I was, in marketingspeak, outside the demographic.

Decepticons, hit them repeatedly!
This isn't to say that the film fails to be entertaining. It's a Michael Bay flick, so there is no shortage of explosions, saturated colour and carefully orchestrated violence. The introduction of Megan Fox, whose turn onscreen bathed in golden light as she leans over the engine of the hero's rickety old car is a very special effect on its own.

Left unmoved by the various bits of Decepticon and Autobot growling and the orgy of transforming metal, and finding myself only moderately intrigued by the digital magic that allowed the bots to rollerskate on a highway and perform midair kung fu rolls, I was forced to conclude that this is probably the way my nieces and nephews feel about Thunderbirds and Mission Impossible.
Sometimes, the original idea is strong enough to make the jump to the big screen, leaving considerations of the earlier incarnation behind.
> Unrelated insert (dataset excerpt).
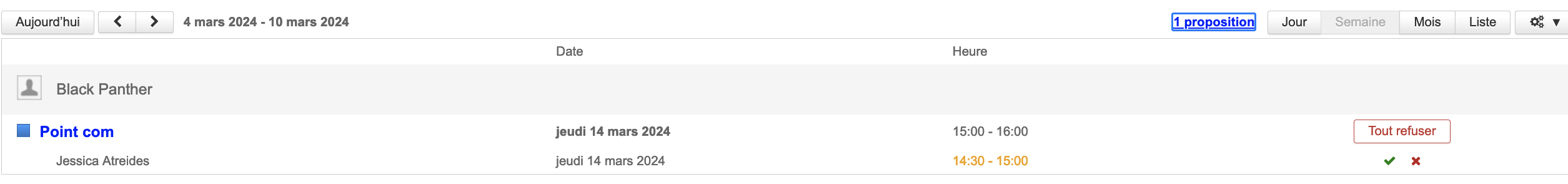 Lorsqu'un utilisateur envoie une proposition un nouvel horaire, l'organisateur, ou son délégué (voir Gérer les délégations), peut accepter ou refuser la proposition via la notification reçue par mail ou dans la barre d'actions de son Agenda :

Batman, for instance, was a creation by Bob Kane in the 1930's which became a popular television show in the 1960's. That version of DC's tortured hero had little to do with the seminal idea of the character, which Tim Burton successfully referenced in two films before Joel Shumacher nippled the character to an early death. 
Christopher Nolan's reinvigoration of the franchise in 2005 succeeded by reaching into the past, via Frank Miller's Batman Year One, a contemporary retelling of Kane's story. Nolan successfully reconnected with the original notion of a vengeful, possibly psychotic rich child that was a cornerstone of the best incarnations of the character.

Stop making sense
At other times, everything is lost in the translation. The Tracys as flesh and blood human beings simply looked nutty spending their fortune on rescue gear and stashing it on a private tropical island to better risk their lives rocketing around in massive metal behemoths called Thunderbirds.
The failure of that film means an end, at least temporarily, to the possibility of mining Gerry Anderson's vast treasure trove of creations. That means no Captain Scarlet and no Supercar, which, I have to assure you, is as agonising to me as the long wait for a live-action Transformers has been to its own fans.

Some films are so utterly reengineered to make them relevant to new, more sophisticated audiences that they become unrecognisable. The big hair thrill of Charlie's Angels on television bore little resemblance to the savagely witty movie and its sequel, and the three Mission Impossible movies are dedicated to a premise that was rarely part of the original television series; the mission gone wrong.

The Avengers, in 1998, floundered bereft of the essential teenage thrill of Diana Rigg in tight black leather and ended up just being Uma Thurman and Ralph Fiennes lounging around having tea and trading elaborately scripted bon mots.
In the context of all this, I ponder with some concern the upcoming film version of one of my favorite television shows, Get Smart. The spy spoof was created by two of the most deviously funny comic minds ever to be unleashed on midstream television, Mel Brooks and Buck Henry, but the comedy was inextricably linked to its time.

Steve Carrell seems a good fit for the earnest bumbling of Agent 86, but what possible parallel can we find in 2007 for the deranged inventiveness of the Cone of Silence, the Shoe Phone and Hymie, the spy robot who could? Would you believe...nothing?